Assignment:
For this task, extract exactly the lines of the data below, from the line containing "- Woonruimte met" through the last one, with pictures left out.

[[ Data excerpts, beginning ]]

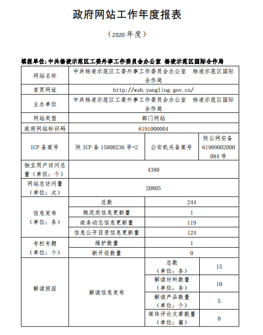 政府网站工作年度报表(杨凌示范区国际合作局)(2020年度)
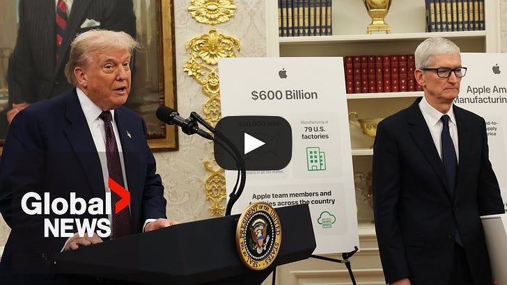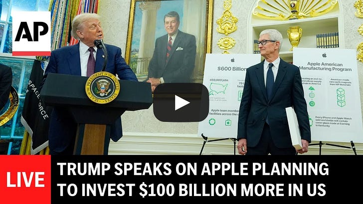 Apple CEO Tim Cook will join President Donald Trump at the White House to announce a new $100 billion investment commitment by Apple in U.S. manufacturing. The Oval Office event is scheduled for 1:30 p.m. PDT / 4:30 p.m. EDT. Watch live via any of the streams below: Support MacDailyNews at no extra cost to you by using this link to shop at Amazon. The post Watch Live: President Trump, Tim Cook announce Apple’s $100 billion investment in American manufacturing appeared first on MacDailyNews. You're currently a free subscriber to MacDailyNews. For the full experience, upgrade your subscription. |
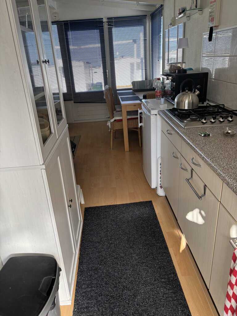 - Woonruimte met keuken voorzien van 4-pits gaskookplaat en koelkast met vriesvak
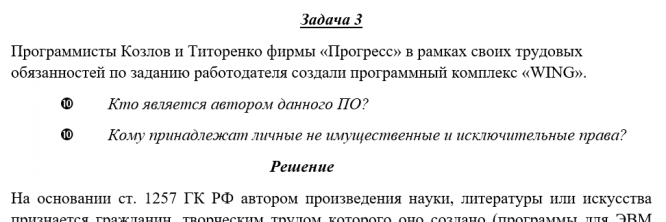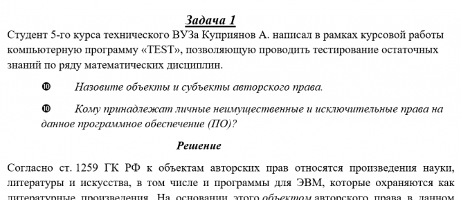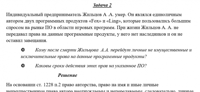 Задача 1 Студент 5-го курса технического ВУЗа Куприянов А. написал в рамках курсовой работы компьютерную программу «TEST», позволяющую проводить тестирование остаточных знаний по ряду математических дисциплин. Назовите объекты и субъекты авторского права. Кому принадлежат личные неимущественные и исключительные права на данное программное обеспечение (ПО)?  Задача 2 Индивидуальный предприниматель Жильцов А .А. умер. Он являлся единоличным автором двух программных продуктов «Fox» и «Ling», которые пользовались большим спросом на рынке ПО в области игровых программ. При жизни Жильцов А. А. не передавал права на данные программные продукты, у него нет наследников и он не оставил завещания.
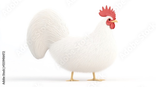 © DIAHIMAGESNEW, Fototapeta premium Fluffy White Rooster Cartoon Illustration

[[ Data excerpts, end ]]

Written reply:
 - Woonruimte met keuken voorzien van 4-pits gaskookplaat en koelkast met vriesvak
 Задача 1 Студент 5-го курса технического ВУЗа Куприянов А. написал в рамках курсовой работы компьютерную программу «TEST», позволяющую проводить тестирование остаточных знаний по ряду математических дисциплин. Назовите объекты и субъекты авторского права. Кому принадлежат личные неимущественные и исключительные права на данное программное обеспечение (ПО)?  Задача 2 Индивидуальный предприниматель Жильцов А .А. умер. Он являлся единоличным автором двух программных продуктов «Fox» и «Ling», которые пользовались большим спросом на рынке ПО в области игровых программ. При жизни Жильцов А. А. не передавал права на данные программные продукты, у него нет наследников и он не оставил завещания.
 © DIAHIMAGESNEW, Fototapeta premium Fluffy White Rooster Cartoon Illustration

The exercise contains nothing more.